Impressive feat! Does reddit have rate limiting, or other hurdles in place simil...

sam0x17 · on June 6, 2023

As history has shown, you can only do so much to stop this. If you perfectly mimic the GoogleBot and use google IP ranges by hosting on google cloud, they either take an SEO hit or let you bot them at the end of the day. GoogleBot looks like a DDoS attack a lot of the time too

You can also go the route of looking like a pool of users, then it's just a game of cat and mouse and one providers don't really have time to play

thih9 · on June 6, 2023

> As history has shown, you can only do so much to stop this.

History has shown you can stop this well enough. Try accessing e.g. instagram; bibliogram attempted this, the project is now discontinued.

sam0x17 · on June 7, 2023

This is true in the case of content that doesn't care about SEO. Reddit cares very very much about SEO, so it can never truly block bots.

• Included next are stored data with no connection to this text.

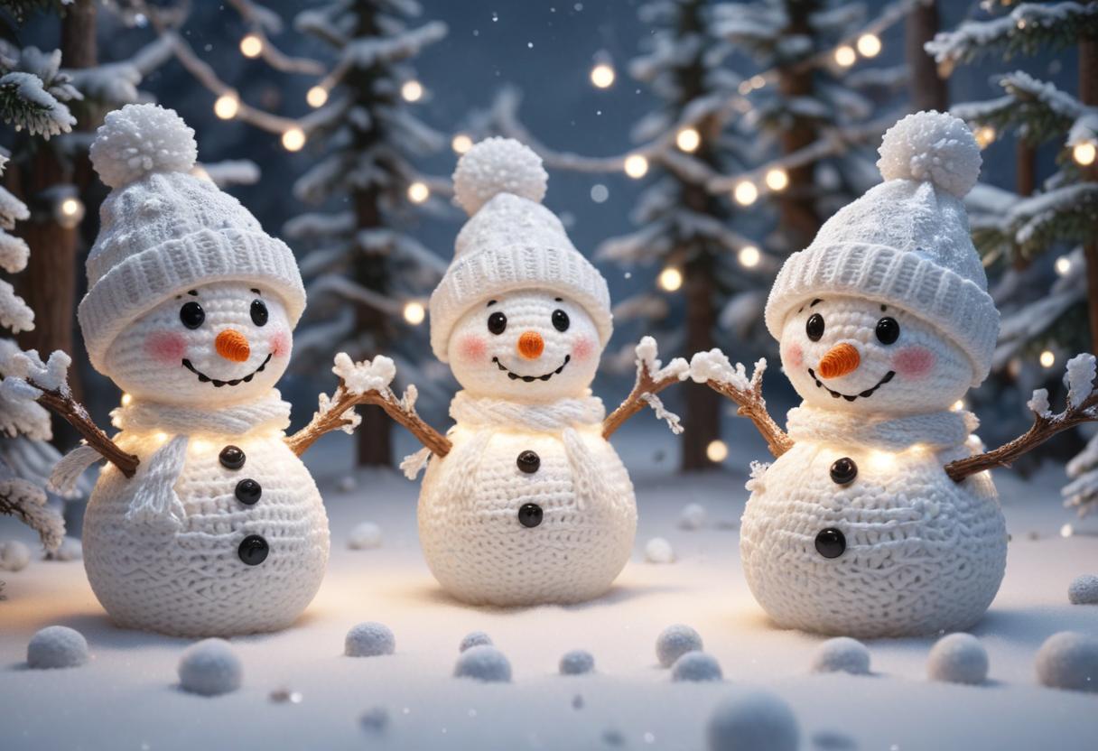 Three snowmen stand together in a snowy forest, smiling and surrounded by string lights. The snowmen are all wearing white knitted hats and scarves.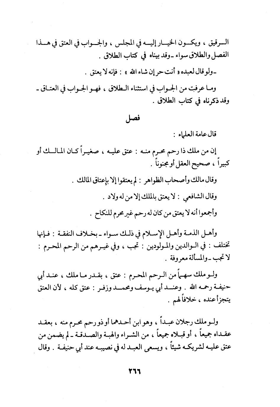 فصل قَالَ عَامَّة الْعلمَاء إِن من ملك ذَا رحم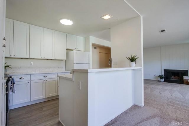 Beautifully remodeled, light, bright, open floor plan, spacious single story, ground floor unit. End unit with large private tiled patio. Move-in ready. Brand new cabinets, countertops, sinks, and stainless-steel stove, oven, microwave & dishwasher. New carpet in bedrooms, living room and dining room, new luxury vinyl planking in kitchen and hallways. Central heat and A/C. Two large bedrooms and two full baths. Double mirrored closet in primary bedroom. Large, mirrored closet in secondary bedroom. Laundry room. Fireplace in living room. large square footage for a 2 bedroom. Highly desirable complex features open areas with beautiful landscaping, sparkling community pool, spa, sports courts for basketball, pickleball & tennis, and is fully gated. Private access gate to shopping center. Close to Vons, Major Market, Sprouts, Trader Joes, CVS, Walgreens and restaurants. 2 Assigned parking spaces, one carport with large storage cupboard & one uncovered space. Ample guest parking. Solid double wall construction. Ideal location in beautiful South Escondido. Between S. Escondido Blvd. & Center City Parkway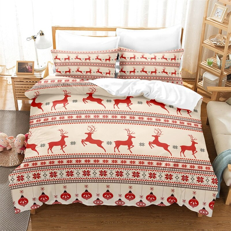 The Christmas Bedding Duvet Set is perfect for adding a festive touch to your bedroom. This set includes a duvet cover and two pillowcases that feature a bright and cheerful holiday pattern of red and green holly leaves and berries. The reverse side is solid white for a classic look that can easily be mixed and matched with other holiday decorations. The set is made from a soft and breathable cotton fabric that is machine washable for easy care. Get into the holiday spirit with this festive duvet set and enjoy the comfort and style it brings to your bedroom!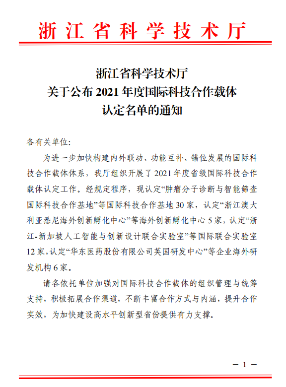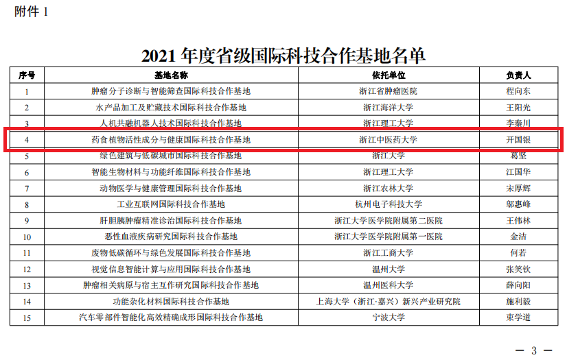 12月13日,浙江省科学技术厅公布了2021年度省级国际科技合作载体认定名单,beat365官方登录开国银教授牵头组建并申报的国际科技合作平台“药食植物活性成分与健康浙江省国际科技合作基地”获批认定,实现了beat365官方登录“国际科技合作基地”零的突破。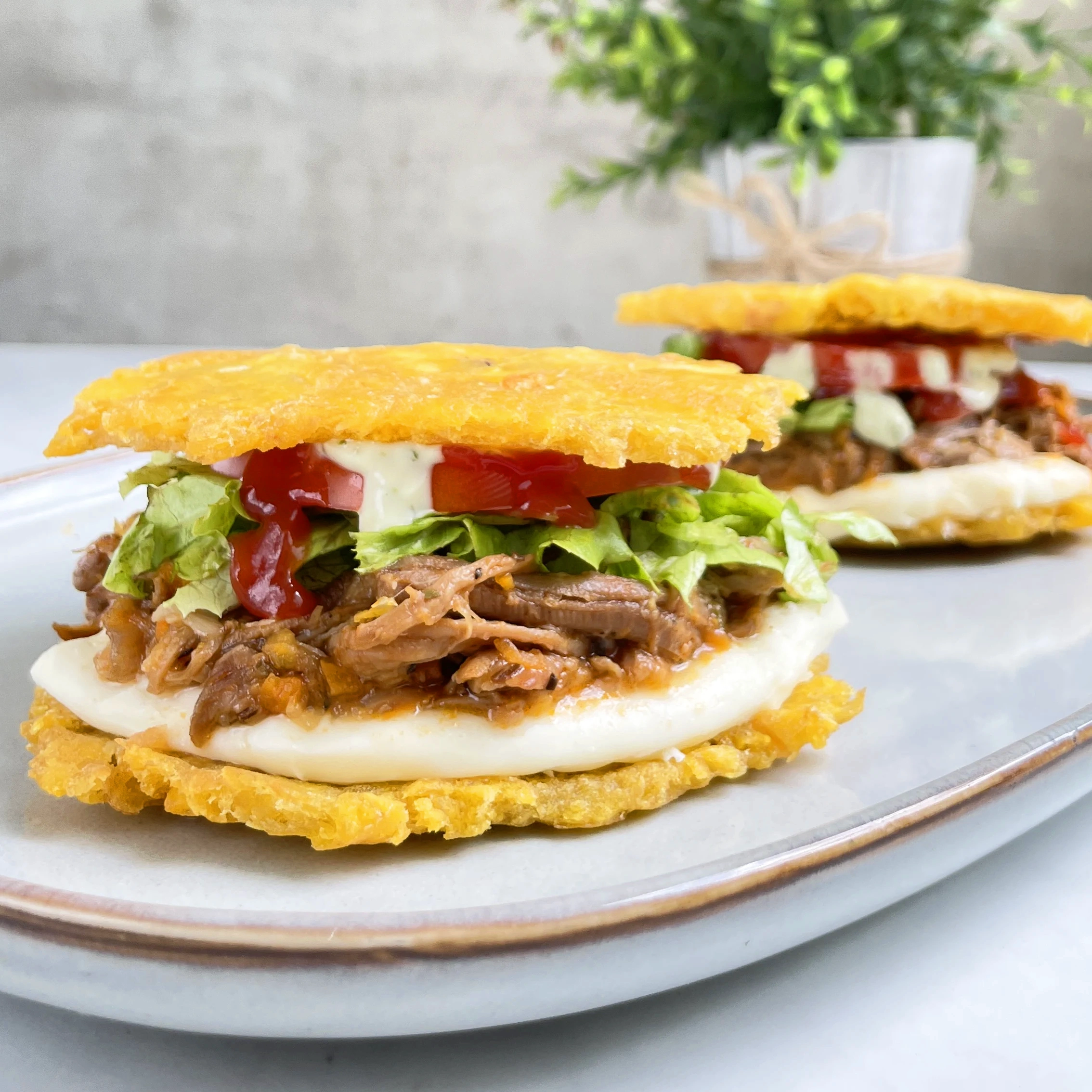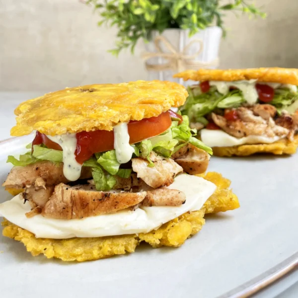 02 patacones con carne desmechada, tomate, queso, lechuga, salsa de tomate y green mayo. Elige entre plátano verde o amarillo.

moneywoes · on June 6, 2023

The google scraper ips are very different no?

> If you perfectly mimic the GoogleBot and use google IP ranges by hosting on google cloud

sam0x17 · on June 7, 2023

You are right, apparently they do publish the ranges https://developers.google.com/search/docs/crawling-indexing/...

dom96 · on June 6, 2023

I've only done some rudimentary rate limiting checks and it doesn't seem like they do. Though I haven't pushed it far (~1000 rpm).

In any case, my plan is to deal with it if it becomes a problem.